Ganz plötzlich löst sich Aragorn von mir. Damit endet auch der Gedankenzug in meinem Kopf. Atemlos schlage ich die Augen auf. Ich kann mich gar nicht daran erinnern, sie geschlossen zu haben.

» Es...es tut mir leid «, flüstert er,

» Verzeih mir «. Mein Herz setzt einen Schlag aus. Langsam habe ich meinen Körper wieder unter Kontrolle und mein Verstand meldet sich zurück. Instinktiv richte ich mich etwas auf und lehne michetwas nach hinten, entferne mich von ihm. Seine Hand, die noch immer an meiner Wange ruhte, verharrt noch einen Moment in der Luft und zieht sich dann zurück. Eine Weile bewegt sich keiner von der Stelle, wir sehen uns nur unablässig an. Meine Gedanken überschlagen sich, mein Herz steht auf Kriegsfuß mit meinem Verstand. Dieser rät mir, so viel Abstand von meinem Gegenüber zu nehmen wie möglich. Seine Worte zeigen doch deutlich, dass ihm dieser Kuss nichts bedeutet. Mein Herz hält dagegen. Es sagt, dass seine Gesten gegen seine Worte sprechen. Vielleicht ist es nur eine stille Hoffnung, doch trotzdem entscheide ich mich für eine Seite.

» Es gibt nichts zu verzeihen, Aragorn «, hauche ich. Er sieht mich liebevoll an und lächelt ganz leicht. Seine Finger greifen nach den meinen und verschränken sich ineinander, als wolle er mich beschwichtigen. Sein Daumen streicht über meinen Handrücken. Ich starre unsere Hände einen Moment lang an, atme tief durch und stehe auf. Dabei ziehe ich meine Hand zurück.

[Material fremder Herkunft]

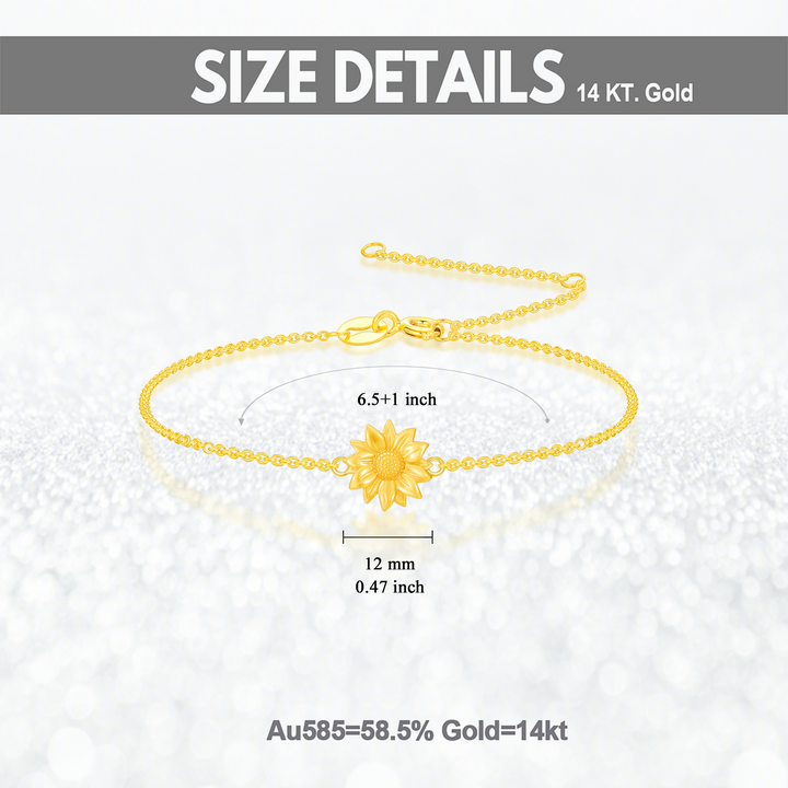 This 14K Gold Sunflower Charm Bracelet by YFN is designed exclusively for women who appreciate elegance and simplicity, embodying the warmth of nature. Crafted from high-quality 14K gold with no stones, this charm bracelet features a delicate sunflower design that symbolizes joy and positivity. Its minimalist style allows for versatility, seamlessly transitioning between casual and formal looks, making it a comfortable, cherished, and timeless accessory for daily wear or special events.

» Ich...ich...du... «, stottere ich, ohne wirklich zu wissen, was ich sagen möchte.

» Ich sollte gehen «, bringe ich schließlich heraus und ignoriere mein protestierendes Herz. Aragorn steht so schnell vor mir, dass ich noch keinen Schritt getan habe.

» Warte... «, sagt er sanft und bricht ab, als suche er nach den richtigen Worten. Unschlüssig stehe ich da und versuche, meine zwiegespaltenen Gefühle zu sortieren. Das Kribbeln überall an meinem Körper, das angenehme Gefühl, wenn er in meiner Nähe ist, dieser intensive Kuss...all das macht mir langsam klar, dass ich für meinen Kindheitsfreund mehr empfinde als das. Viel mehr. Was einst Freundschaft und in gewisser Weise Verbundenheit war, ist jetzt zu etwas anderem geworden. Gerade setzt Aragorn an, weiterzusprechen, da bemerke ich etwas Glimmendes aus dem Augenwinkel. Auch er scheint es entdeckt zu haben, denn er dreht sich danach um. Dort an den Bergspitzen flammt ein Feuer auf. Es lodert hoch hinauf, damit es auch jeder sehen kann.

» Die Leuchtfeuer «, flüstert Aragorn, dann noch einmal etwas lauter,

» Die Leuchtfeuer Gondors brennen! «. Er wirbelt herum und rennt los, in Richtung des Thronsaals. Nun stehe ich da, mit hunderten Fragen, auf die ich selbst keine Antwort weiß.